Preparing Software for Reuse and Release

Overview

Teaching: 35 min
Exercises: 20 min

Questions

What can we do to make our programs reusable by others?

How should we document and license our code?

Objectives

Describe the different levels of software reusability

Explain why documentation is important

Describe the minimum components of software documentation to aid reuse

Create a repository README file to guide others to successfully reuse a program

Understand other documentation components and where they are useful

Describe the basic types of open source software licence

Explain the importance of conforming to data policy and regulation

Prioritise and work on improvements for release as a team

Introduction

In previous episodes we’ve looked at skills, practices, and tools to help us design and develop software in a collaborative environment. In this lesson we’ll be looking at a critical piece of the development puzzle that builds on what we’ve learnt so far - sharing our software with others.

The Levels of Software Reusability - Good Practice Revisited

Let’s begin by taking a closer look at software reusability and what we want from it.

Firstly, whilst we want to ensure our software is reusable by others, as well as ourselves, we should be clear what we mean by ‘reusable’. There are a number of definitions out there, but a helpful one written by Benureau and Rougler in 2017 offers the following levels by which software can be characterised:

Re-runnable: the code is simply executable and can be run again (but there are no guarantees beyond that)
Repeatable: the software will produce the same result more than once
Reproducible: published research results generated from the same version of the software can be generated again from the same input data
Reusable: easy to use, understand, and modify
Replicable: the software can act as an available reference for any ambiguity in the algorithmic descriptions made in the published article. That is, a new implementation can be created from the descriptions in the article that provide the same results as the original implementation, and that the original - or reference - implementation, can be used to clarify any ambiguity in those descriptions for the purposes of reimplementation

Later levels imply the earlier ones. So what should we aim for? As researchers who develop software - or developers who write research software - we should be aiming for at least the fourth one: reusability. Reproducibility is required if we are to successfully claim that what we are doing when we write software fits within acceptable scientific practice, but it is also crucial that we can write software that can be understood and ideally modified by others. If others are unable to verify that a piece of software follows published algorithms, how can they be certain it is producing correct results? Where ‘others’, of course, can include a future version of ourselves.

Documenting Code to Improve Reusability

Reproducibility is a cornerstone of science, and scientists who work in many disciplines are expected to document the processes by which they’ve conducted their research so it can be reproduced by others. In medicinal, pharmacological, and similar research fields for example, researchers use logbooks which are then used to write up protocols and methods for publication.

Many things we’ve covered so far contribute directly to making our software reproducible - and indeed reusable - by others. A key part of this we’ll cover now is software documentation, which is ironically very often given short shrift in academia. This is often the case even in fields where the documentation and publication of research method is otherwise taken very seriously.

A few reasons for this are that writing documentation is often considered:

A low priority compared to actual research (if it’s even considered at all)
Expensive in terms of effort, with little reward
Writing documentation is boring!

A very useful form of documentation for understanding our code is code commenting, and is most effective when used to explain complex interfaces or behaviour, or the reasoning behind why something is coded a certain way. But code comments only go so far.
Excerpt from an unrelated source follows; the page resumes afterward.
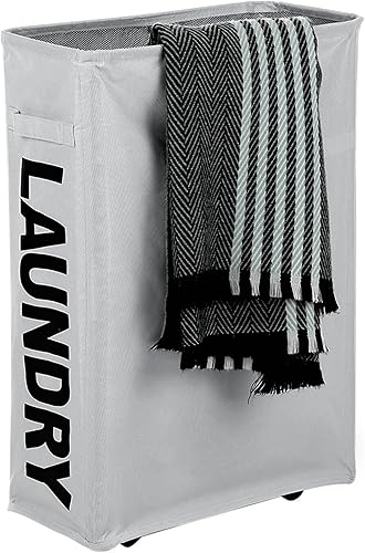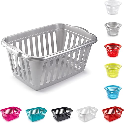 PLASTIFIC Grand Panier à Linge en Plastique de Haute Qualité avec Poignées, Panier à Linge à Linge de Style Hipster pour Sécher les Vêtements Pépinière, Argent - Rectangulaire,

Whilst it’s certainly arguable that writing documentation isn’t as exciting as writing code, it doesn’t have to be expensive and brings many benefits. In addition to enabling general reproducibility by others, documentation…

Helps bring new staff researchers and developers up to speed quickly with using the software
Functions as a great aid to research collaborations involving software, where those from other teams need to use it
When well written, can act as a basis for detailing algorithms and other mechanisms in research papers, such that the software’s functionality can be replicated and re-implemented elsewhere
Provides a descriptive link back to the science that underlies it. As a reference, it makes it far easier to know how to update the software as the scientific theory changes (and potentially vice versa)
Importantly, it can enable others to understand the software sufficiently to modify and reuse it to do different things

In the next section we’ll see that writing a sensible minimum set of documentation in a single document doesn’t have to be expensive, and can greatly aid reproducibility.

Writing a README

A README file is the first piece of documentation (perhaps other than publications that refer to it) that people should read to acquaint themselves with the software. It concisely explains what the software is about and what it’s for, and covers the steps necessary to obtain and install the software and use it to accomplish basic tasks. Think of it not as a comprehensive reference of all functionality, but more a short tutorial with links to further information - hence it should contain brief explanations and be focused on instructional steps.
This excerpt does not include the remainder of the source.